Problem: The line containing "ポケットに入るコンパクトサイ" and every line after it, through the end of the material: copy these exactly and nothing else, leaving pictures out.

Data segment:

· · ·

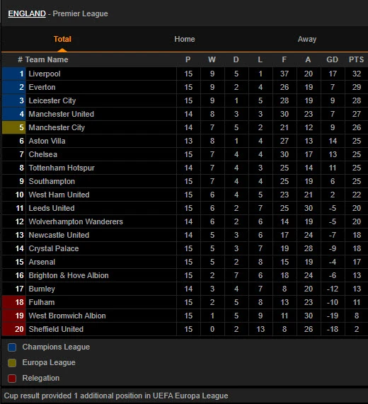 Hòa đầy tiếc nuối, Liverpool cũng bỏ lỡ cơ hội sớm kết thúc năm 2020 với ngôi đầu bảng Premier League. Liverpool vẫn dẫn đầu bảng với 32 điểm, CLB cùng TP Everton đứng thứ hai kém 3 điểm.
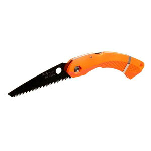 ポケットに入るコンパクトサイズの鋸、収納時は145mm、重さ70gと軽量でポケットに入れて持ち運びに便利。刃はプロの剪定士が愛用する剪定刃を採用。軽く枝を切断できます。また、刃に空いた丸い穴(サムホール)に指をかけることで片手
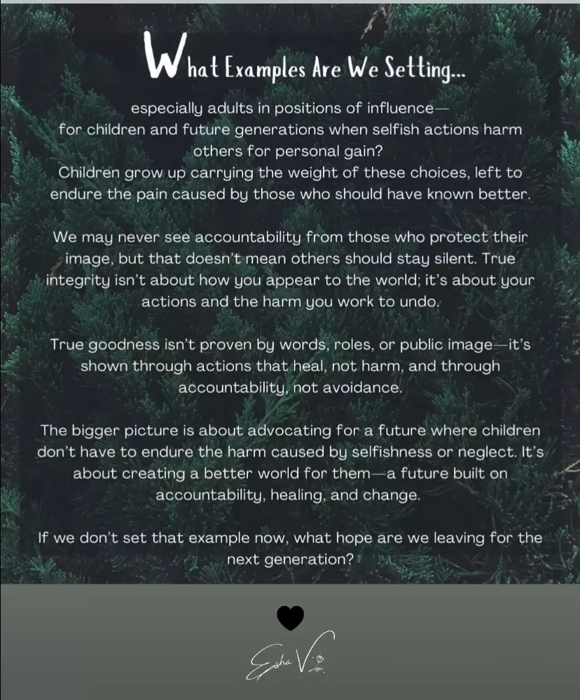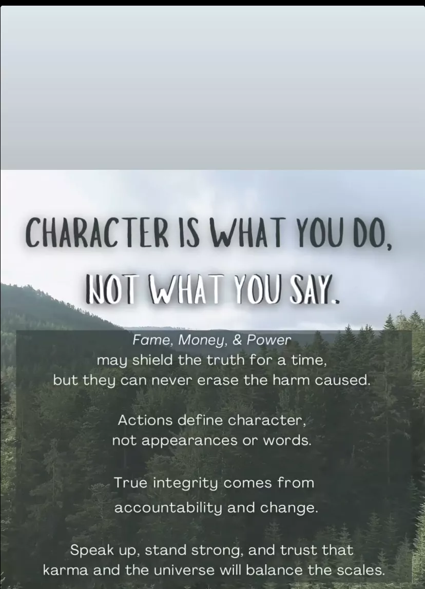 "Fame, money, and power may shield the truth for a time, but they can never erase the harm caused. Actions definie character, not appearance or words."

· · ·

Response for this exercise:
 ポケットに入るコンパクトサイズの鋸、収納時は145mm、重さ70gと軽量でポケットに入れて持ち運びに便利。刃はプロの剪定士が愛用する剪定刃を採用。軽く枝を切断できます。また、刃に空いた丸い穴(サムホール)に指をかけることで片手
 "Fame, money, and power may shield the truth for a time, but they can never erase the harm caused. Actions definie character, not appearance or words."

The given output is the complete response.